The prediction of AKI in patients with sepsis has always been a hot topic in critical care medicine. Some biomarkers, such as microRNA-22-3p [8], neutrophil gelatinase-associated lipocalin [9], procalcitonin [10], urinary miR-26b [11], and soluble thrombomodulin [12], have been reported to be associated with AKI in sepsis. However, they are difficult to popularize in clinical settings due to the high cost and requirement of testing technology. Some scoring systems, including acute physiology and chronic health evaluation-II, the simplified acute physiology score (SAPS) II, and sequential organ failure assessment (SOFA), have also been used in AKI prediction, but their performances are unsatisfactory due to poor specificity and sensitivity [13, 14]. In addition, some multivariate predictive models based on traditional statistical methods, such as logistic regression (LR) and Cox proportional risk model, have been developed for predicting the development of AKI among patients with sepsis. Fan et al. [15] applied LR to develop a prediction model for AKI in 15,726 patients with sepsis, and the model showed a preferable predictive accuracy. Importantly, the relationship between variables is complex, including linear or nonlinear relationship, which is prominent in ICU settings. However, LR is defaulted to handle the linear relationship between independent and dependent variables, and may oversimplify the complex nonlinear relationship. Moreover, LR is prone to be affected by multicollinearity between variables, which may reduce the performance of the model. Therefore, exploring more effective and accurate prediction tools is extremely important in the management of septic patients.

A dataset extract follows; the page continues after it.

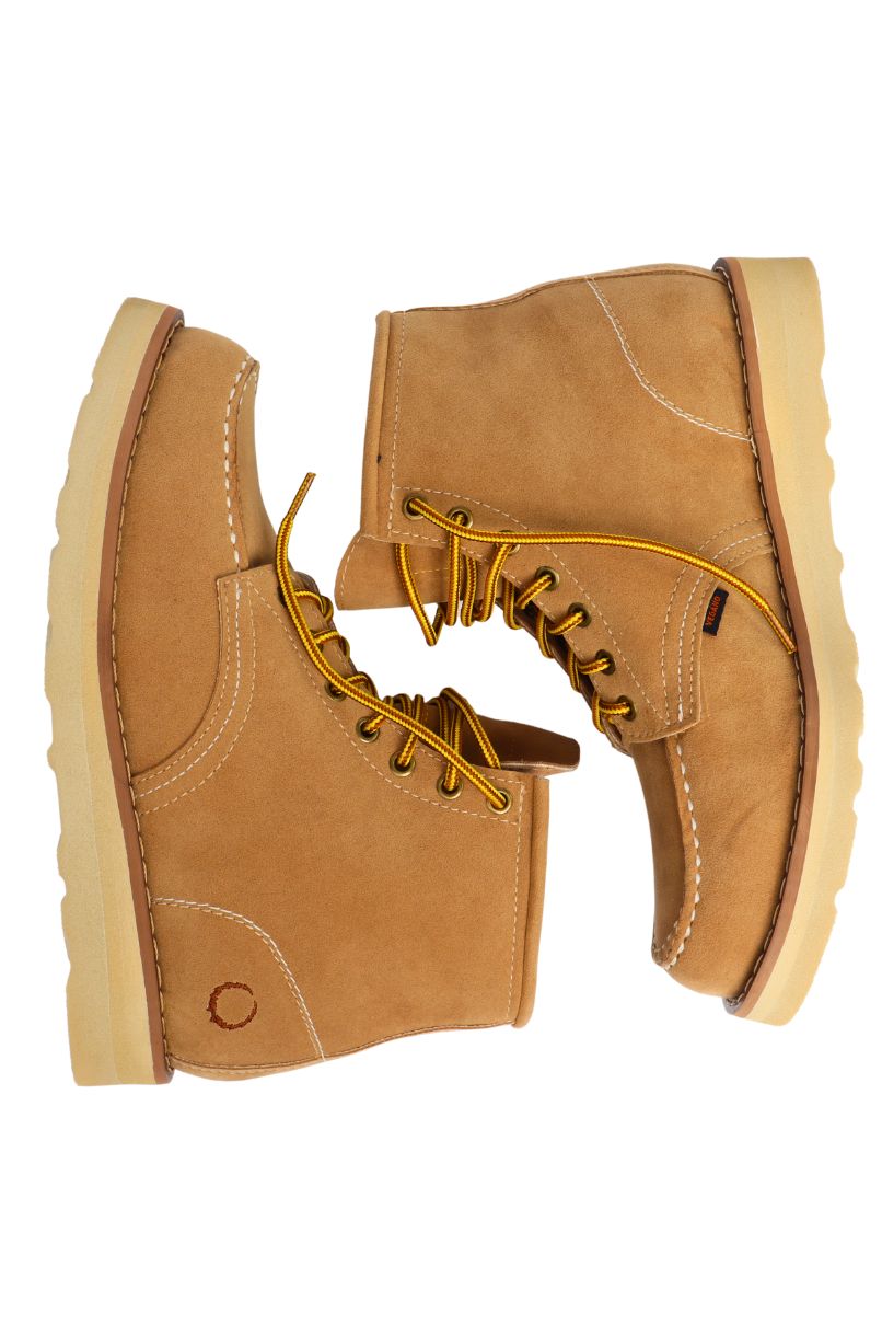 Bota Moc Toe Worker Suede Bege, Confeccionada em Material Sintético 100% livre de Crueldade Animal.

Recently, machine learning (ML) has attracted the attention of and gained recognition from clinicians due to the evolution of statistical theory and computer technology. Novel ML techniques have been widely used in predictive models of various diseases and show better performance compared with those of traditional LR or Cox regression analyses [16, 17]. We can find quite a few efforts on the application of ML algorithms for AKI prediction. For example, Chiofolo et al. [18] developed an AKI prediction model using automatic continuous random forest algorithm in critically ill patients, and achieved a preferable capability for early identification of high-risk patients. Le et al. [19] formulated a prediction system for AKI in the ICU settings using convolutional neural networks (CNNs), and found that the predictive performance of the CNN model outperformed that of SOFA scoring system. Lin et al. [20] found that random forest had greater potential in predicting mortality in patients with AKI rather than support vector machine (SVM), artificial neural network (ANN), and SAPS II. However, evidence showing the advantage of the ML algorithms in the prediction of AKI in septic patients is still lacking. In this study, we aimed to develop and validate multiple ML models to predict AKI in septic patients and to find the model with the best predictive performance.

Methods

Data source

Using the Structured Query Language, data of patients with sepsis were extracted from a single-center publicly available database called the Medical Information Mart for Intensive Care III (MIMIC-III) database [21]. The MIMIC-III database is an integrated, de-identified, comprehensive clinical dataset containing all patients admitted to the ICUs of Beth Israel Deaconess Medical Center in Boston, MA, from June 1, 2001, to October 31, 2012. The MIMIC-III includes detailed information about admitted and discharged patients, such as demographic characteristics, monitoring vital signs, laboratory and microbiological examination, imaging examination, observation and recording of intake and output, drug treatment, length of stay, survival data, and discharge or death records. To apply for access to the database, we passed the protection of human research participants examination and obtained the certificate (No. 9983480).

Participants

When patients were diagnosed with sepsis using the International Classification of Disease 9th revision (ICD-9) (99591, 99592, 78552) after first ICU admission, the patient eligibility was considered. Then, the Kidney Disease: Improving Global Outcomes (KDIGO) criteria [22] were used to determine whether AKI occurred in patients with sepsis during hospitalization. Patients who left the ICU within 48 h, aged < 18 years old and > 89 years old, or previously had AKI or renal failure were excluded. Moreover, patients with missing > 20% individual data or receiving renal replacement therapy (RRT) or continuous RRT at admission were excluded.

Data extraction

Patient data in the initial 24 h following admission were retrieved from the MIMIC- III database. The following information was used in this study: (1) demographic features, including sex, age, and ethnicity; (2) comorbidities, including congestive heart failure, hypertension, chronic pulmonary, diabetes, and liver disease; (3) vital signs, including heart rate, temperature, oxygen saturation (SpO₂), systolic blood pressure (SysBP), and diastolic blood pressure (DiasBP); (4) laboratory parameters, including total bilirubin, anion gap, albumin, chloride, potassium, sodium, lactate, partial thromboplastin time (PTT), prothrombin time (PT), international normalized ratio (INR), creatinine, blood urea nitrogen (BUN), and glucose; (5) therapeutic and clinical managements, including mechanical ventilation and vasopressor use. For some variables with multiple measurements, we included the maximum and minimum values for analysis. For SOFA and SAPS-II scores, we only included the initial test values for analysis. Because this was an epidemiological study based on hypothesis, no attempt was made to estimate the sample size of the study. Instead, all eligible patients in the MIMIC- III database were enrolled to achieve a maximized statistical power.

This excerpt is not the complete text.